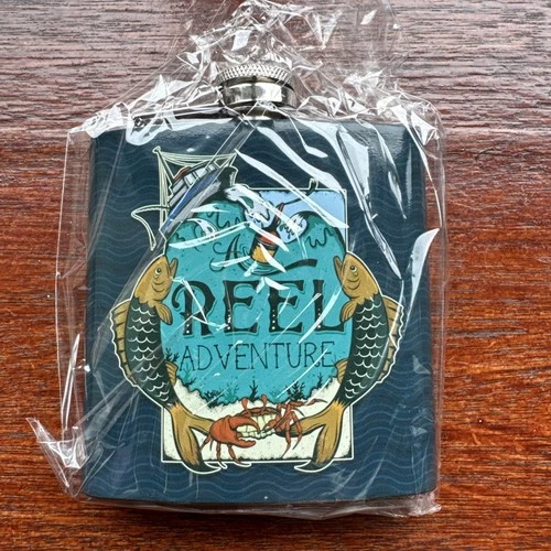 Hip Flask 6oz Stainless Steel Whisky Alcohol Drink Pocket - Fishing Theme
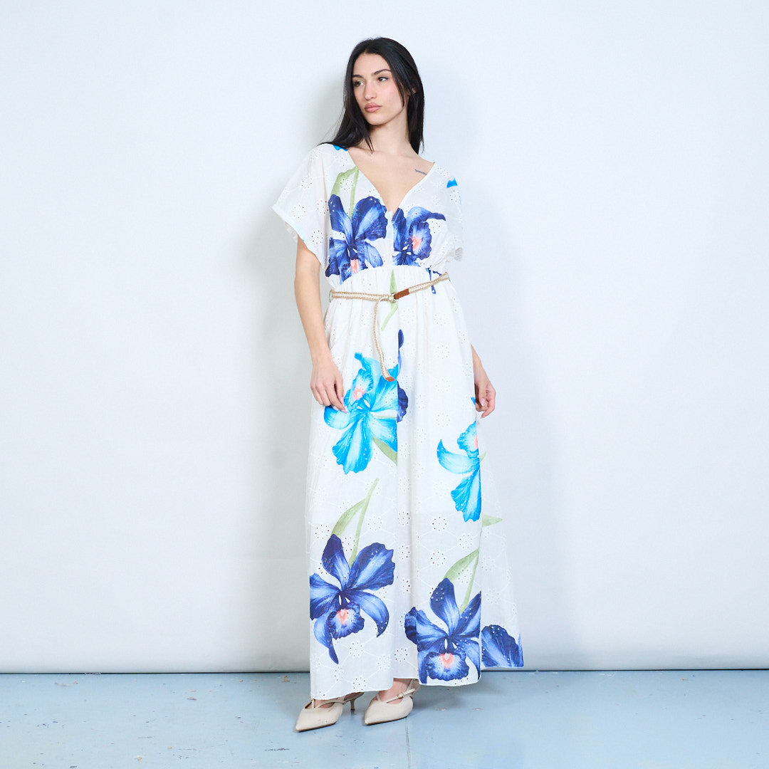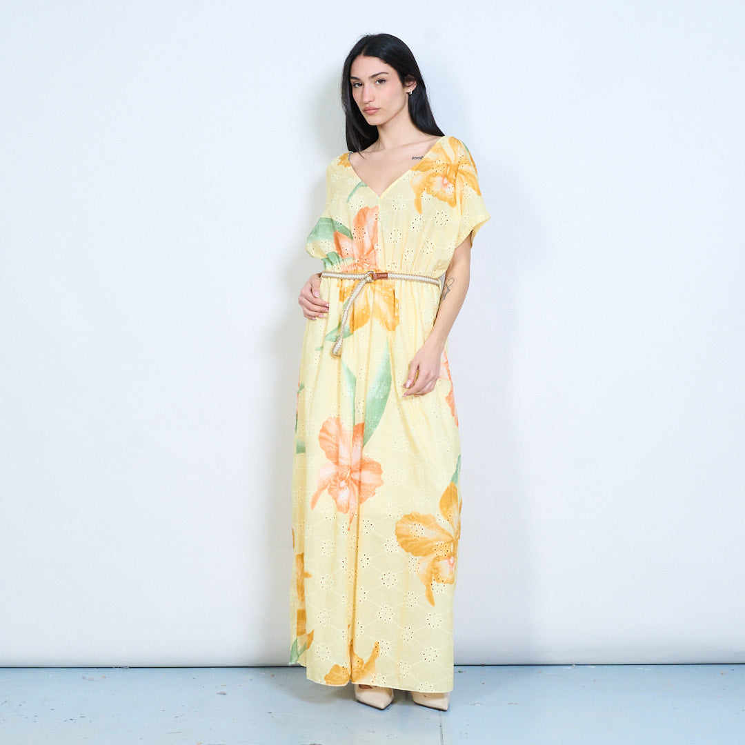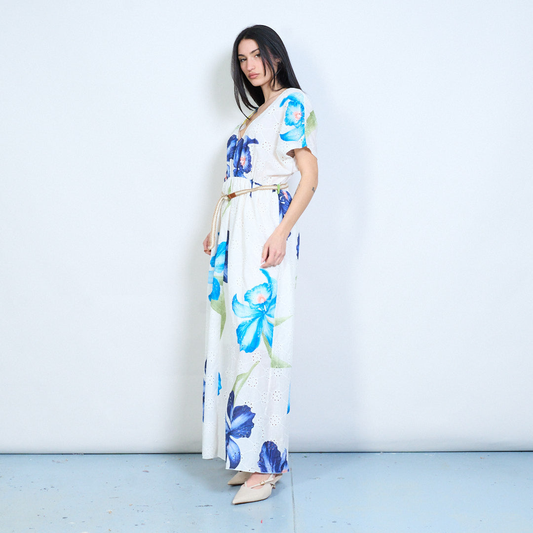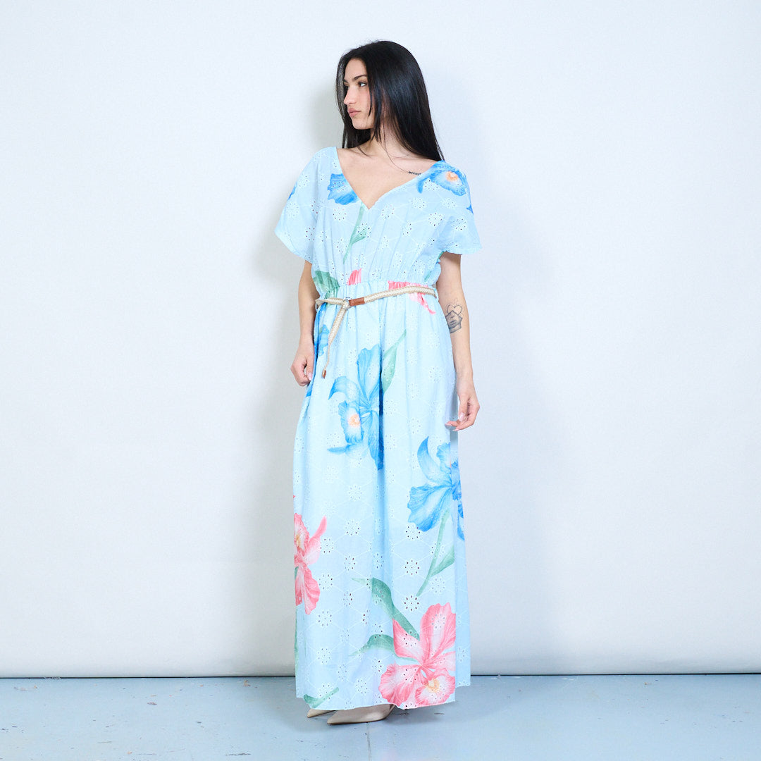Ολόσωμη φόρμα με φλοράλ μάτι κεντημένο με λαιμό και φαρδύ πόδι, χονδρική
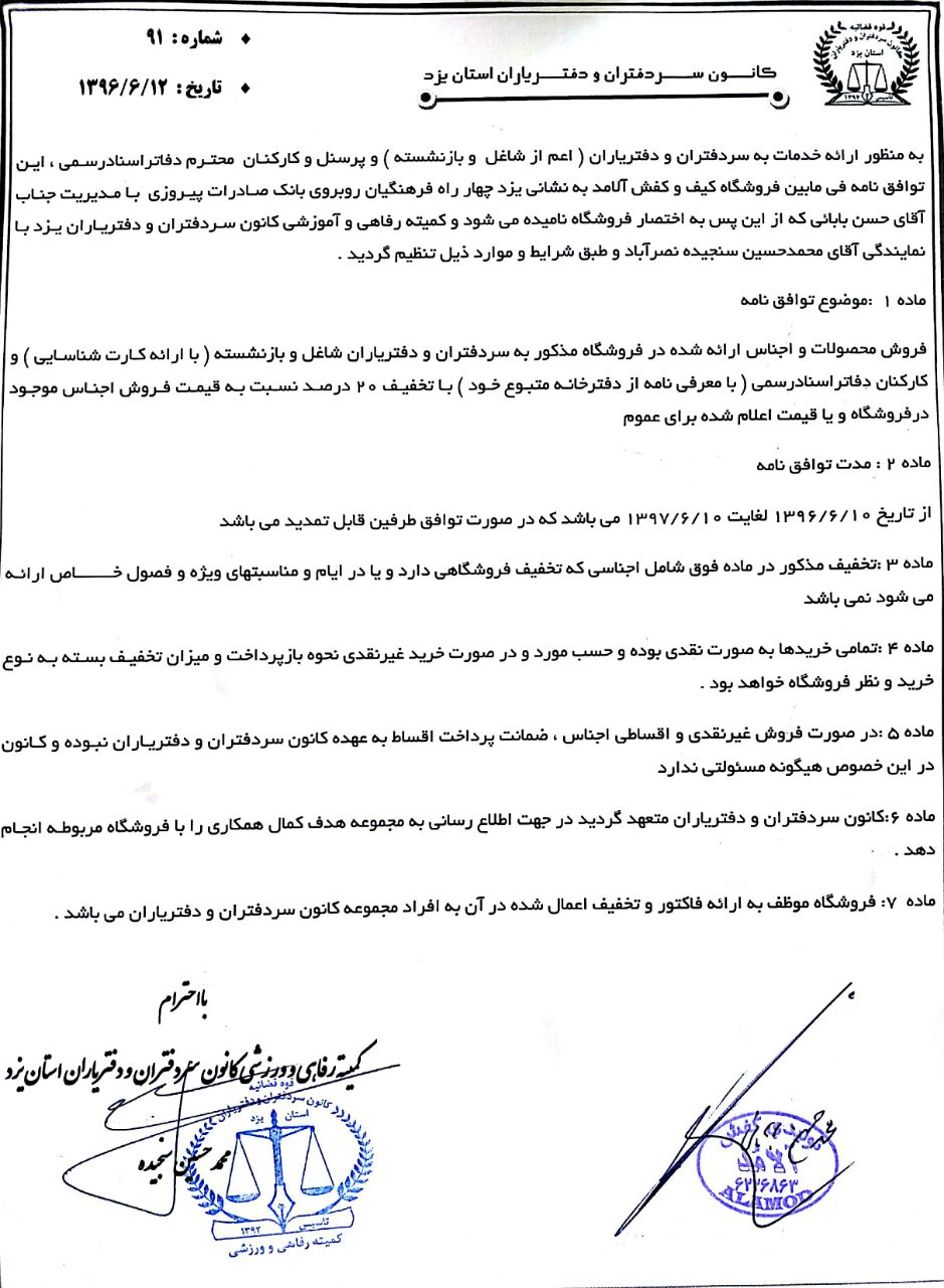 توافق نامه کانون سردفتران ودفتریاران یزد با فروشگاه کیف و کفش آلامد
::::
Write the lines out word for word, starting at the one with "Ολόσωμη φόρμα με" and stopping after the last line of the material above, with pictures excluded.

#### Output of the exercise
Ολόσωμη φόρμα με φλοράλ μάτι κεντημένο με λαιμό και φαρδύ πόδι, χονδρική
 توافق نامه کانون سردفتران ودفتریاران یزد با فروشگاه کیف و کفش آلامد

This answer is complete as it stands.